* **What you need to do**:
Once the line holding "This is a gorgeous" is found in the entries below, transcribe exactly every line up to and including the one holding "- Track information", but leave out the pictures.

* **Records drawn from a dataset**:
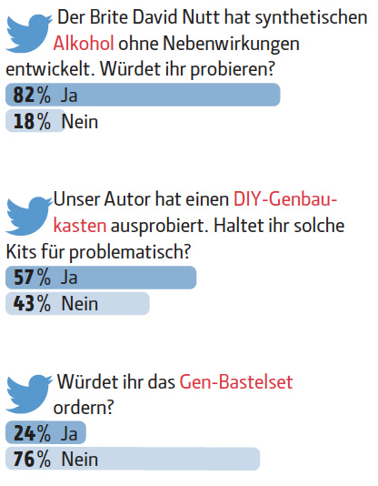 Ab sofort fragen wir unsere über 50000 Twitter-Follower regelmäßig zu Themen aus dem Magazin: Was meint ihr? Diesmal geht es um künstlichen Alkohol und ein Gen-Bastelset für Heimwerker.
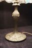 This is a gorgeous Tiffany style lamp with a glass shade. This piece This piece has a metal body to it and a stained glass shade in an Art Nouveau style. This is an absolutely beautiful piece and it would make a wonderful addition to your home or collection.
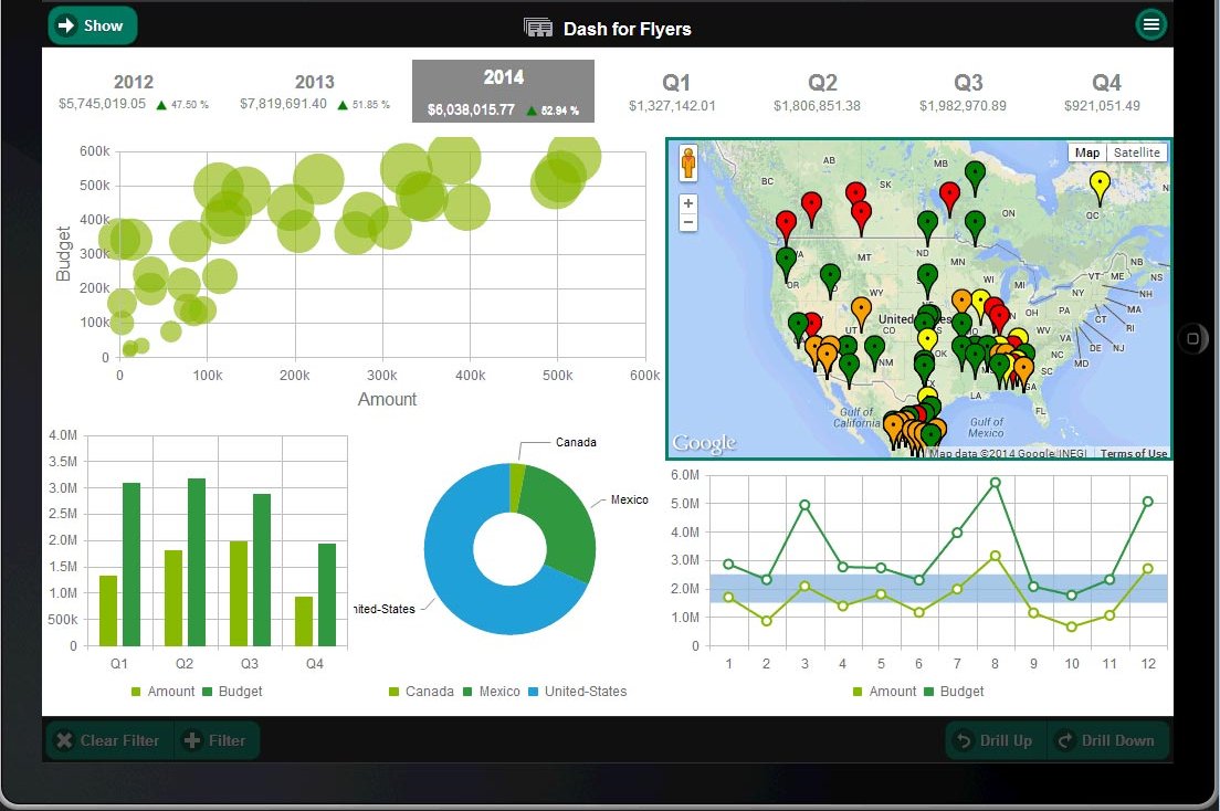 - Track information on sales, customers, operations and financials
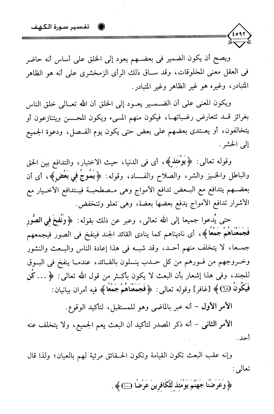 حتى يُدعوا جميعا إلى اللَّه تعالى، وعبر عن ذلك بقوله: (وَنُفِخَ فِي الصُّورِ فَجَمَعْنَاهُمْ جَمْعًا)، أي ناديناهم كما ينادي القائد الجند فينفخ في الصور فيجمعهم جمعا، لَا يتخلف منهم أحد، وقد شبه في هذا إعادة الناس والبعث والنشور وخروجهم من فورهم من كل حدب ينسلون بالقائد، عندما ينفخ في البوق للجند، وفي هذا إشعار بأن البعث لَا يكون بأكثر من قول اللَّه تعالى: (. . . كُن فَيَكُونُ)، وقوله تعالى: (فَجَمَعْنَاهُمْ جَمْعًا) فيه أمران بيانيان:
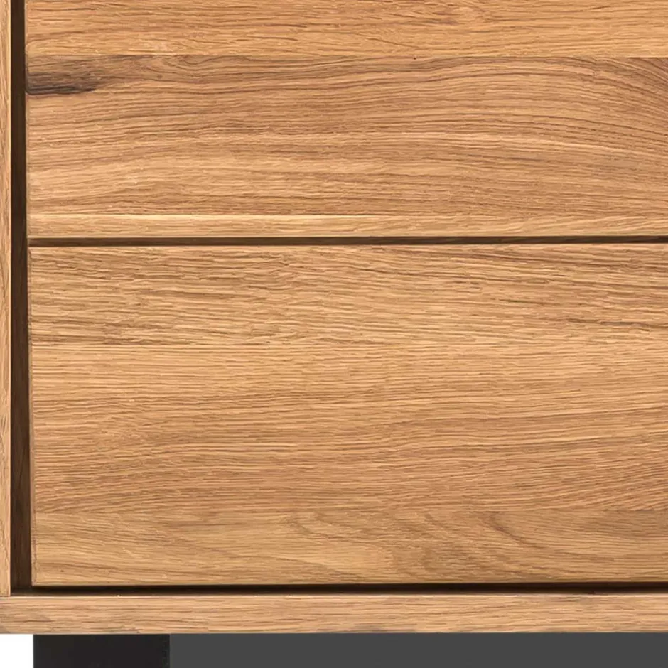 - Aus Spanplatte (Korpus) und Eiche Massivholz, durchgehende Lamelle (Front) hergestellt
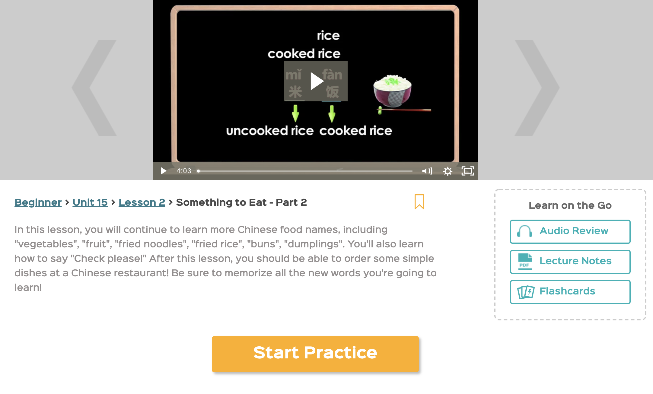 If you want to learn more about how to say different kinds of dumplings, and other common Chinese food staples like beef noodles, rice, steamed buns and more, check out this lesson from our Beginner Conversational Course:
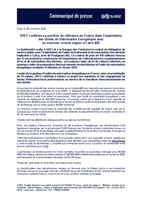 Le Sydetom66 confie à SUEZ et à la Banque des Territoires le contrat de délégation de service public pour l’exploitation de l’unité de traitement et de valorisation des déchets implantée à Calce, près de Perpignan (66). Ce contrat de près de 420 millions d’euros sur 12 ans prévoit la construction et l’exploitation de 3 infrastructures complémentaires de tri et de valorisation des déchets : un nouveau centre de tri de collecte sélective, un nouveau centre de préparation des tout-venants de déchèteries et l’unité de valorisation énergétique existante. Il débutera le 30 juin 2026.
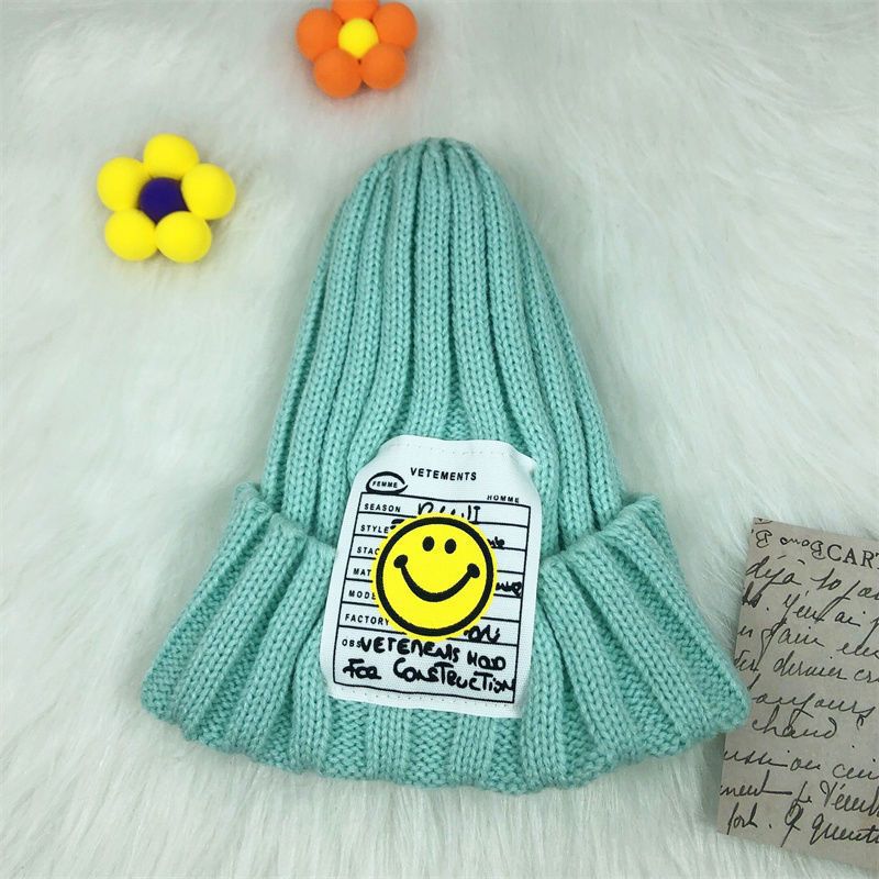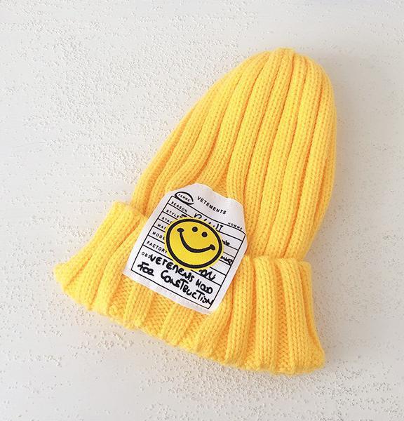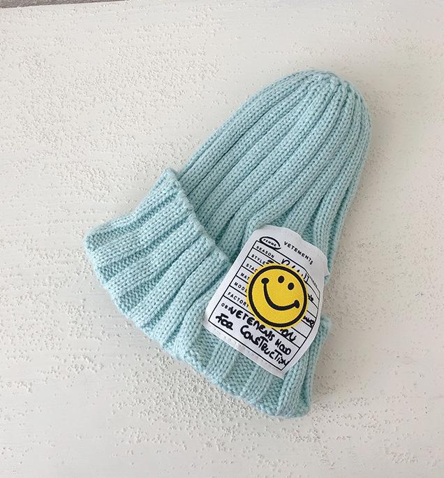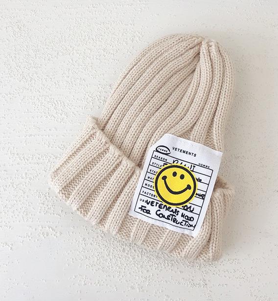 어린이 니트 모자 귀여운 스마일 빅 라벨 울 모자 가을과 겨울 얇은 풀오버 캡 AliExpress 소년과 소녀와 동일
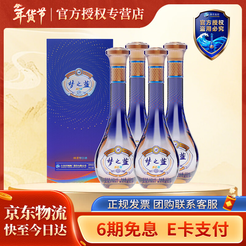 洋河 【过年送礼】梦之蓝 绵柔浓香型白酒 52度 500mL 4瓶 乐享版 整箱装
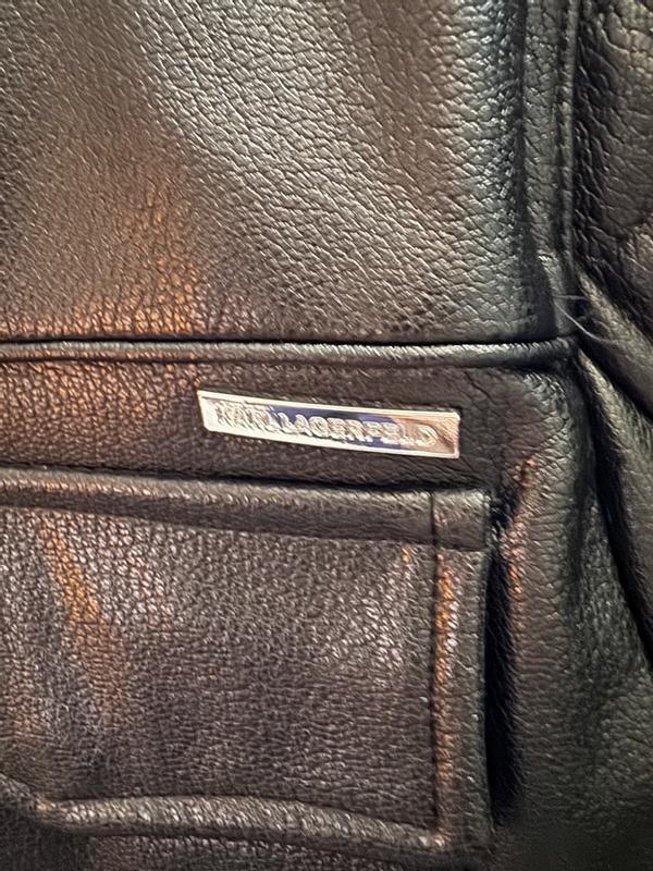 This Karl Lagerfeld vegan leather coat is buttery soft and feels like real leather. Unlike other polyester “leather” coats this one really does mimic the real thing. Quality constriction of materials with nice features and detailing. Sleeve cuffs have aesthetic and functioning zipper to expand cuffs. Bottom hem has button snaps to expand or contract.
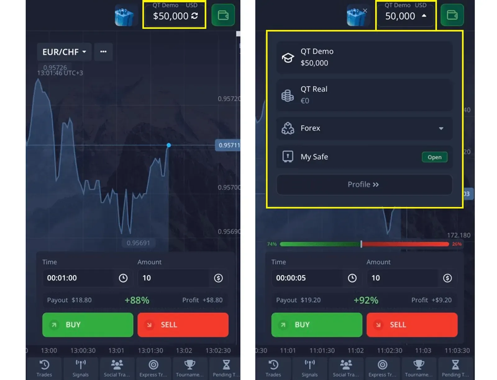 - Ganhe lucro com previsões precisas – Se sua previsão estiver correta, você pode ganhar até 92% de lucro, visível antes de fazer a negociação.
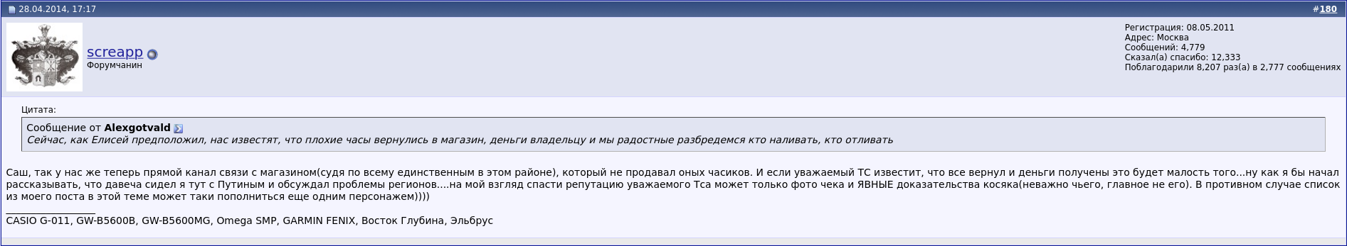 ТС купил часы и сам остался ими очень доволен. И подошли хорошо и вообще красивы как не глянь, поделился радостью с форумчанами, которые кинулись на перегонки поздравлять с покупкой хвалить и завидовать, а некоторые уже готовы были тут же их выкупить себе - все счастливы. Но только до тех пор пока не обнаружилось, что цифра "2" не так загнута как должна бы. И всё сразу изменилось - белое стало черным, достоинства недостатками, часы перестали радовать, хотя остались точно теми же самыми, что и были с самого начала и идут также точно как и шли и сидят на руке так же как и раньше, но до этого уже нет никому никакого дела. Да и кому тут вообще интересны сами часы?

* **Task response**:
 This is a gorgeous Tiffany style lamp with a glass shade. This piece This piece has a metal body to it and a stained glass shade in an Art Nouveau style. This is an absolutely beautiful piece and it would make a wonderful addition to your home or collection.
 - Track information on sales, customers, operations and financials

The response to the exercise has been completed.